Окоп становился всё мельче, и ему пришлось согнуться ещё ниже, а потом вообще ползти, благо до ближайших зарослей было метров пять. Сзади вспыхнула короткая перестрелка, но после взрыва гранаты больше не возобновилась. Генерал ещё энергичней заработал локтями и едва не оказался в воде. После секундного замешательства, развернулся, подобрал подходящую палку, проверил глубину. Оказалось довольно мелко, меньше полуметра, можно идти во весь рост, но тогда его могут заметить немцы. Оглянувшись, Калугин понял, что незаметное понижение рельефа, скрыло его от противника. Поэтому, можно пробраться до густых зарослей и не ползком в холодной, как он убедился, воде. Но до них было метров сто почти открытого пространства, с редкими кустиками и деревьями.

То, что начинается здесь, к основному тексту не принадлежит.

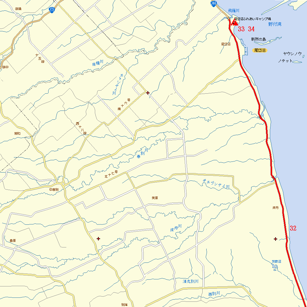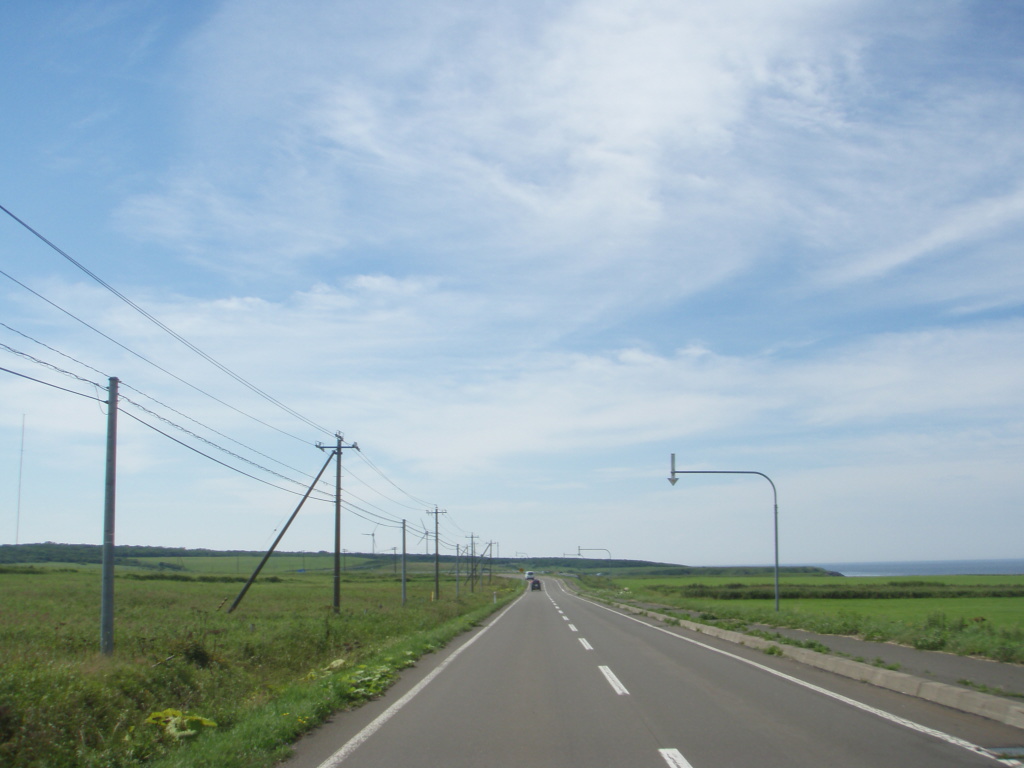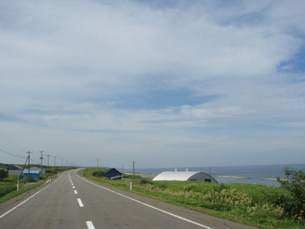![]() オホーツク海に沿って尾岱沼を目指す。 |
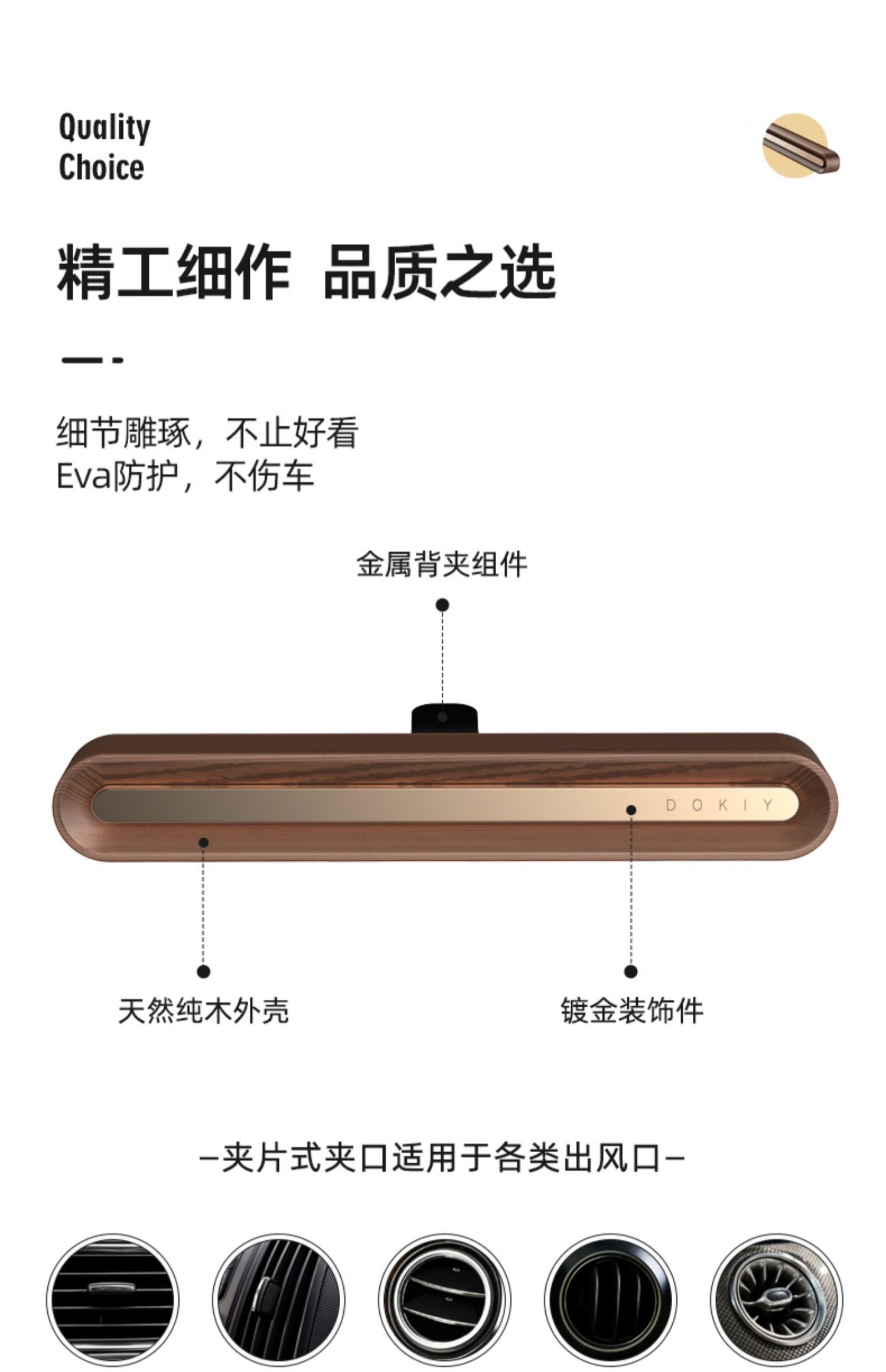 Car Air Freshener with Solid Wood Vent Clip, Car Perfume, Interior Decoration, High-End Long-Lasting Light Fragrance for Men and Women
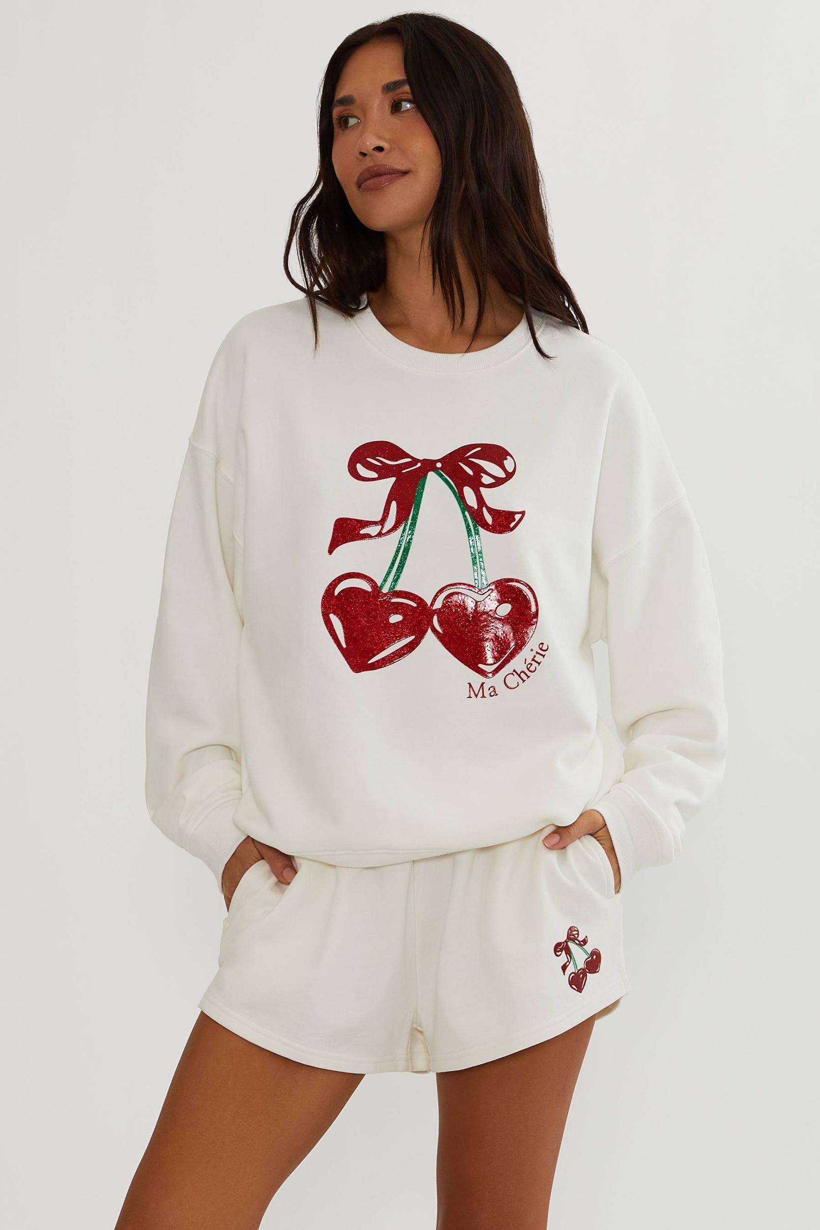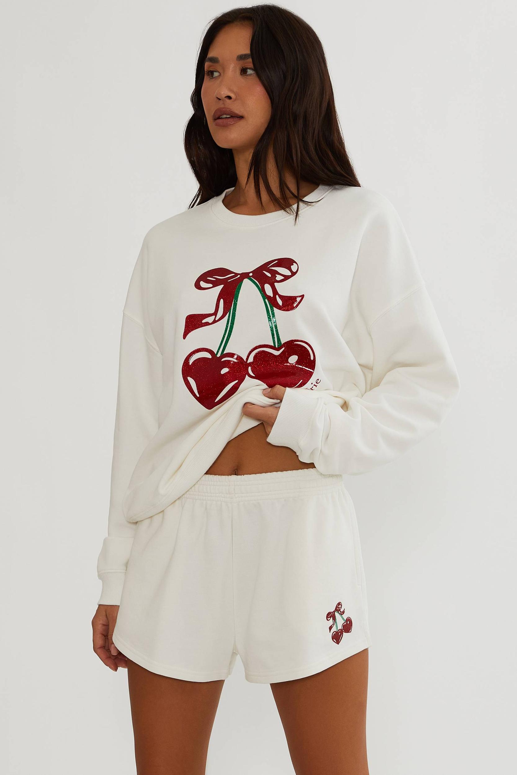 Ultra-soft cotton fleece Relaxed, easy fit that still looks polished Statement cherry graphic with glossy detail for a pop of personality Lightweight yet cozy—perfect for layering year-round Style Tip: Pair it with the matching Malik shorts for a head-to-toe lounge moment with sneakers for an effortless, cool-girl weekend look. Model is wearing size small

Прощупывая дно палкой, он устремился вперёд, чтобы засветло уйти как можно дальше от поля боя. Кое-где глубина была по пояс и даже по грудь, вероятно, это воронки от снарядов или авиабомб, так, как диаметр таких резких понижений был не больше пяти метров.
Добравшись до кустов, он увидел, что обмотки размотались и волочатся. Выдернув их с ботинок, и хотел было вообще выбросить, но потом передумал и намотал на палку, отогнав от себя мелькнувшую было мысль, использовать их вместо белого флага. Пора двигаться дальше. Машинально оглянувшись назад, он увидел троих немцев, стоявших на берегу и глядевших на болото. Один из них, казалось, показывал прямо на него. Калугин так и замер. Он понял, что фашист показывает на след от разошедшейся ряски, оставшийся после его прохода. Догадываясь, что будет дальше, генерал глубоко вздохнул, погрузился в холодную воду с головой, и, хватаясь за растения у дна, чтобы не всплывать, быстро переместился метров на десять в сторону, где рос камыш и были кочки с осокой.
Калугин с опозданием вспомнил, что его Ролекс не водопроницаем, придётся покупать новый. Но тут же удивился тому, какая абсурдная мысль сидит в его голове, когда он сам в болотной воде прячется от немцев. После того, как набрав в лёгкие воздуха, снова ушёл под воду, послышались выстрелы. Он с удвоенной скоростью продвинулся ещё дальше. Голова готова была взорваться от недостатка воздуха, но он, собрав последние силы, продвинулся ещё на пару метров.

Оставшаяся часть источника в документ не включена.